Well, I'm pretty sure all credible banks in the US are all insured (both explicitly with FDIC and implicitly far beyond that) by the US government. That's a pretty big thing
That doesn't make them stable. The 2008 financial crisis was literally caused by big US banks. They then had to be bailed out.
This is not a symptom of a stable banking system. It's a symptom of the banks having a disturbing amount of power over the government, which is not a good thing. They were able to conduct what is essentially fraud at a massive scale with impunity because they knew the gov would bail them out when shit hit the fan.
I really don't understand what's so "stable" about this.
Well whether or not you think banking / government cooperation is a good thing, the fact of the matter is that even when large catastrophes occur, the system is brought back up on its feet.
You can't say the same for crypto systems, luna / terra being a very recent example.
Hey, nice straw man. Of course I think banks should cooperate with the government. I just don't think banks should be more powerful than the gov, which in the US, arguably they are in certain contexts.
And I never said crypto anything was stable on any level. I genuinely believe crypto has 0 usefulness for anything other than very specialised cases, usually to do with avoiding regulation.
The point I was making was that the banking system literally caused the large catastrophe. The fact that people seem to twist this into suggesting it's stable is just absurd.
Just like if your entire SAAS product horribly crashed, deleted and/or leaked a bunch of important customer data and so on, the fact that you were able to fix it doesn't magically mean the system was stable before.
What you're missing is the bailout is part of the system, and counts towards its stability.
In your analogy imagine your SAAS product horribly crashed and deleted customer data. So your cloud provider restored from the backups you had arranged and you were running normally soon after. Not ideal, but you had a far more stable system than someone without backups.
Asserting that bailouts are simply "part of the system" is just a cop out.

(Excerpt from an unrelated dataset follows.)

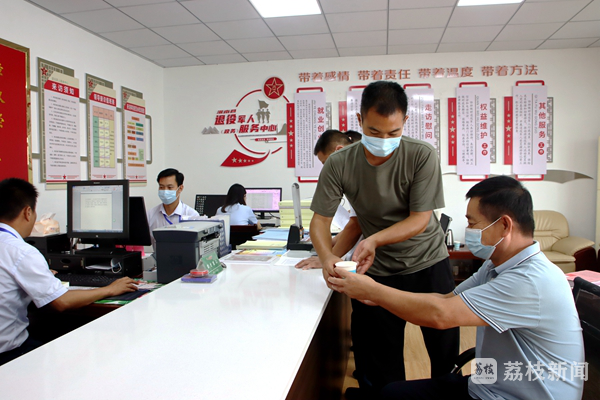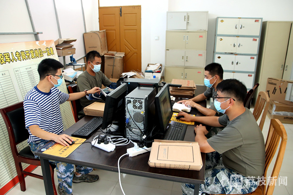 在档案室,三名退役军人在档案管理人员指导下,井井有条地将档案原件扫描为电子档,录入个人信息,同时按照档案规范管理要求,装订纸质档案,按编号归位上架。由于经历过部队大熔炉的淬炼,三名退役军人将工作做得有板有眼,很快进入角色。

It doesn't respond to points about the behaviour of the bank which was key to my argument. Maybe read and try again.
I will repeat again at the risk of sounding like a broken record. There is no sane, logical way of arguing that the behaviour that led to the 2008 financial crisis is that of a stable, well-regulated banking system. If you believe otherwise, you are either on drugs, or have done no research, or both.
That only matters if you think that capability to be "bailed out" is legitimate in the first place. There is a pretty good argument to be made that allowing institutions to be "too big to fail" is directly enabling a lot of bad behavior, behavior that wouldn't happen if there was an understanding your bank can fail and you will not be compensated as a shareholder, only as a depositor under FDIC
This is not a symptom of a stable banking system. It's a symptom of the banks having a disturbing amount of power over the government, which is not a good thing. They were able to conduct what is essentially fraud at a massive scale with impunity because they knew the gov would bail them out when shit hit the fan.
I really don't understand what's so "stable" about this.